- WORK INSTRUCTION
Beginning with the line that contains "keerzijde: gevleugeld vrijwel" and ending with the line that contains "January 5, 1934, Goodwell-First", reproduce the lines of the entries below exactly, omitting pictures.

[Opening DATA UNDER STUDY section]

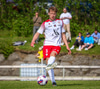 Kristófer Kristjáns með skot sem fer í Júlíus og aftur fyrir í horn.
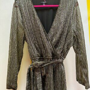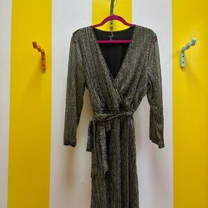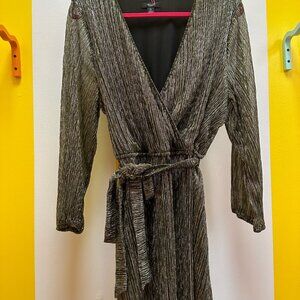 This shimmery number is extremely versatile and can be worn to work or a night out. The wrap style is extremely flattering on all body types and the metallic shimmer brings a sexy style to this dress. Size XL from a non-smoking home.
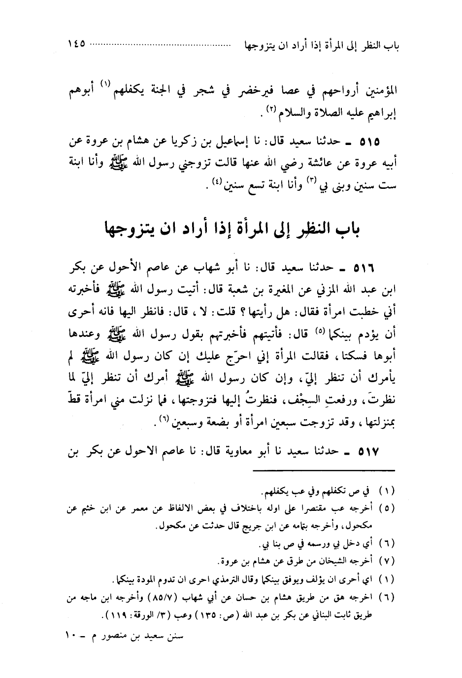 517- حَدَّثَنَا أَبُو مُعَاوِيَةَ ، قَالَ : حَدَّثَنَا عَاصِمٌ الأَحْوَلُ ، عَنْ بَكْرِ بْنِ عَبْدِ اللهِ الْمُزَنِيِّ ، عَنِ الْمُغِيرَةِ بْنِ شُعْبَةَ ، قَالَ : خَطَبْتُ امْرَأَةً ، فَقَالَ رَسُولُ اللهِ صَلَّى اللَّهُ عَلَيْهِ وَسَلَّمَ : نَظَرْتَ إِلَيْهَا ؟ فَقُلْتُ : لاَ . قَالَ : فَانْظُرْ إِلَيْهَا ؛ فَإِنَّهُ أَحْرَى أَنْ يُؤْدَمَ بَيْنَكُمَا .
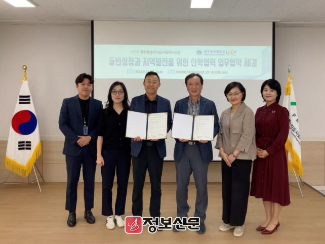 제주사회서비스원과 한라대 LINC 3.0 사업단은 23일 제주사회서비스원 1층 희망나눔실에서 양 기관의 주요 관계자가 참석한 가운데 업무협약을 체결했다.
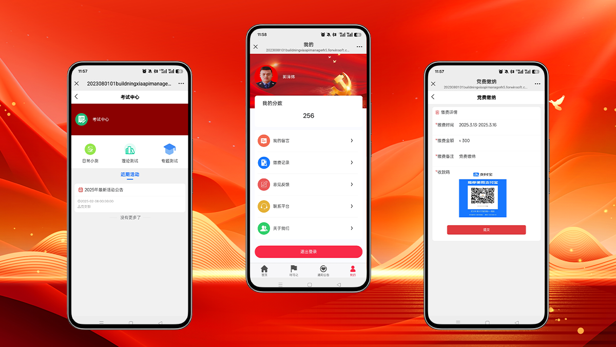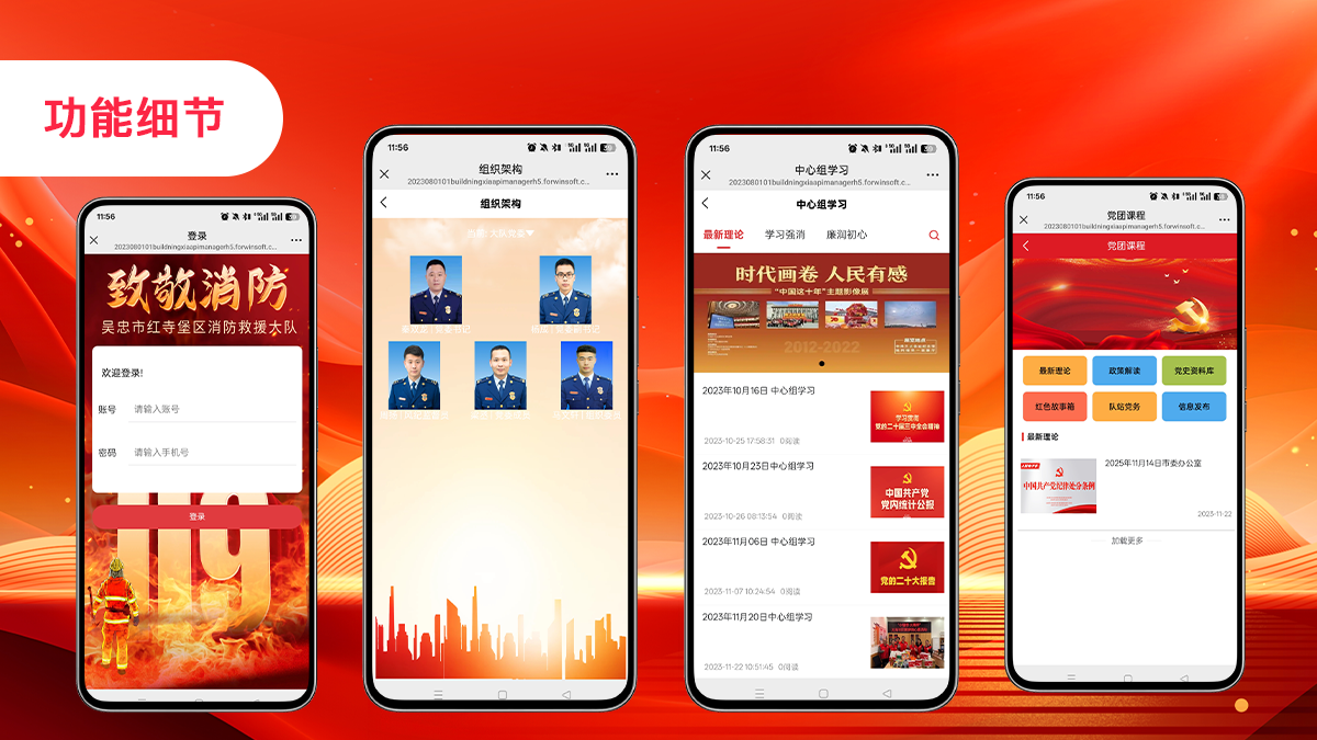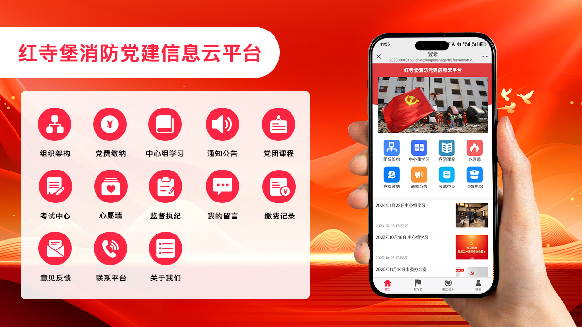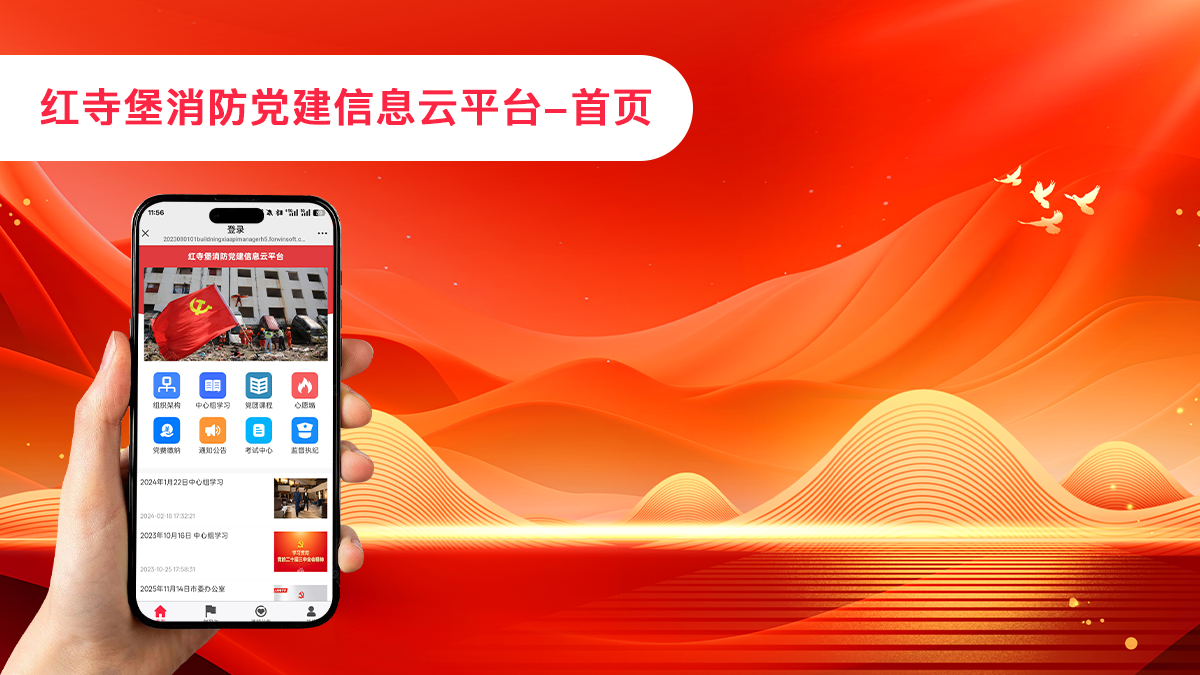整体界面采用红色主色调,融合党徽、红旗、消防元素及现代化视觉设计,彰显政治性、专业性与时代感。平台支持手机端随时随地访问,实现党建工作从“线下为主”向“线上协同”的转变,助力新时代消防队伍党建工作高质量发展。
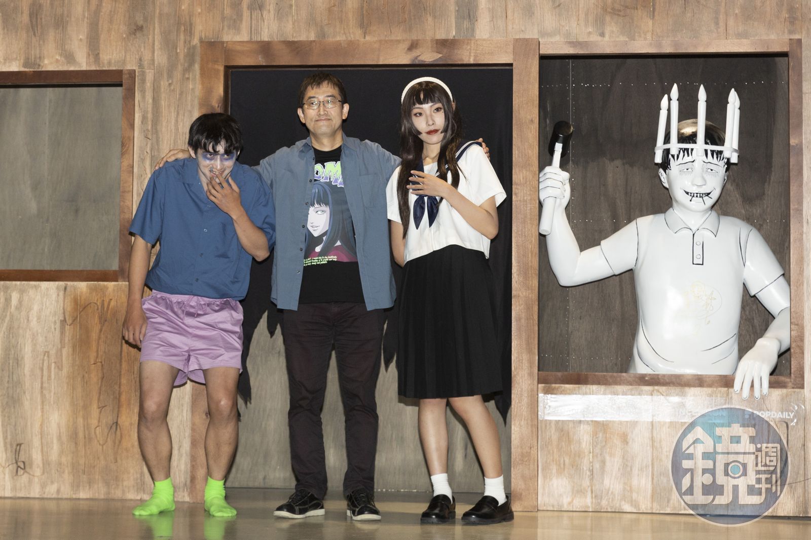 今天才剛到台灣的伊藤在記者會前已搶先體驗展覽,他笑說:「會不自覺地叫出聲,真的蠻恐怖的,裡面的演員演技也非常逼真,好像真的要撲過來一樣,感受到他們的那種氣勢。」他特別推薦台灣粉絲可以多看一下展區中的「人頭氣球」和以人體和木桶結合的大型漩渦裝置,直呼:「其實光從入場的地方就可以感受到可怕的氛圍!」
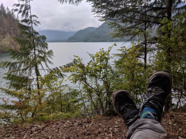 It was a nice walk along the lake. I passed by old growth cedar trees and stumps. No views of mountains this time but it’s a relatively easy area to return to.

[Closing DATA UNDER STUDY section]
[Opening DATA UNDER STUDY section]

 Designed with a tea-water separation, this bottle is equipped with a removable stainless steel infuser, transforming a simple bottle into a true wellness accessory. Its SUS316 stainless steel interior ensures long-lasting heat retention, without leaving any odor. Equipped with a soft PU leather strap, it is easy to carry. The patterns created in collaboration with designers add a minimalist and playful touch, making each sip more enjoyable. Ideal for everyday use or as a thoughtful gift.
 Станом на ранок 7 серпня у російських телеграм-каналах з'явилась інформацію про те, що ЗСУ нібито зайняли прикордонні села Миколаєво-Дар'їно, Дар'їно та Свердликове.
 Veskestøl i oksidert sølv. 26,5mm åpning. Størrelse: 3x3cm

[Closing DATA UNDER STUDY section]
[Opening DATA UNDER STUDY section]

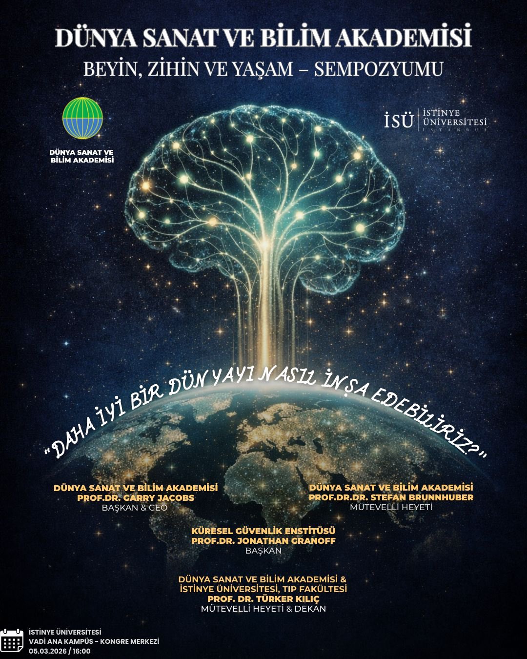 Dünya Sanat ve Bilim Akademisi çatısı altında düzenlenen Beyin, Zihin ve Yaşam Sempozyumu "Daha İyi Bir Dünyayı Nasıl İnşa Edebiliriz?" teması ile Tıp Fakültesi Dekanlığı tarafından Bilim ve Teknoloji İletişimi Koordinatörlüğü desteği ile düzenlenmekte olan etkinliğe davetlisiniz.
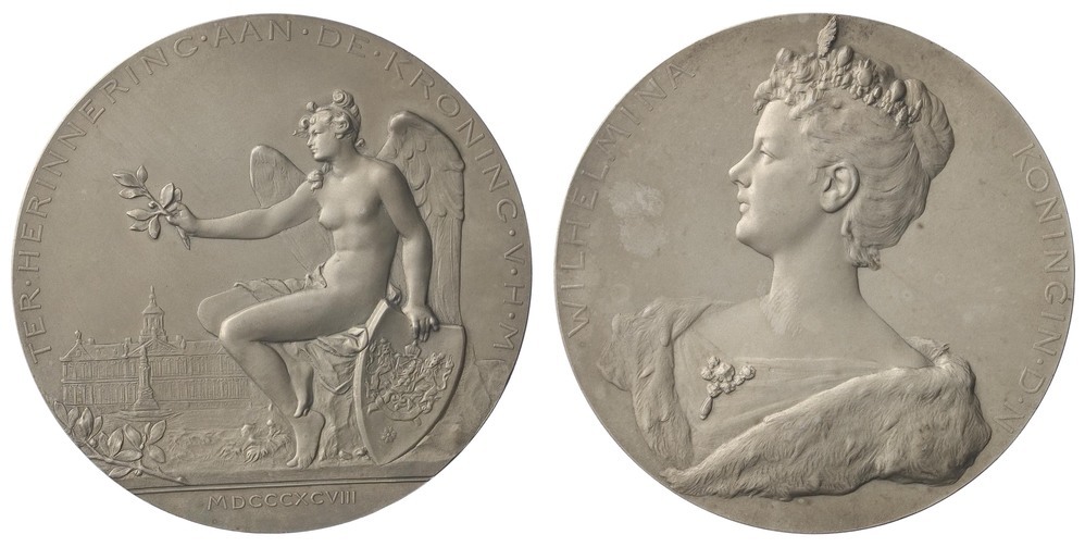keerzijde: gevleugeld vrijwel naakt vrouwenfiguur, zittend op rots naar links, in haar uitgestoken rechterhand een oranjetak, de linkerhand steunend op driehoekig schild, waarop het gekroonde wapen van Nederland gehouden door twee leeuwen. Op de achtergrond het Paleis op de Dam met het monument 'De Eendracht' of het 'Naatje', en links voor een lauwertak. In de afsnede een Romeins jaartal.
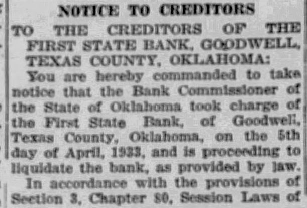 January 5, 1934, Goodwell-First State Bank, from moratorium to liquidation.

[Closing DATA UNDER STUDY section]

- ANSWER SECTION
keerzijde: gevleugeld vrijwel naakt vrouwenfiguur, zittend op rots naar links, in haar uitgestoken rechterhand een oranjetak, de linkerhand steunend op driehoekig schild, waarop het gekroonde wapen van Nederland gehouden door twee leeuwen. Op de achtergrond het Paleis op de Dam met het monument 'De Eendracht' of het 'Naatje', en links voor een lauwertak. In de afsnede een Romeins jaartal.
 January 5, 1934, Goodwell-First State Bank, from moratorium to liquidation.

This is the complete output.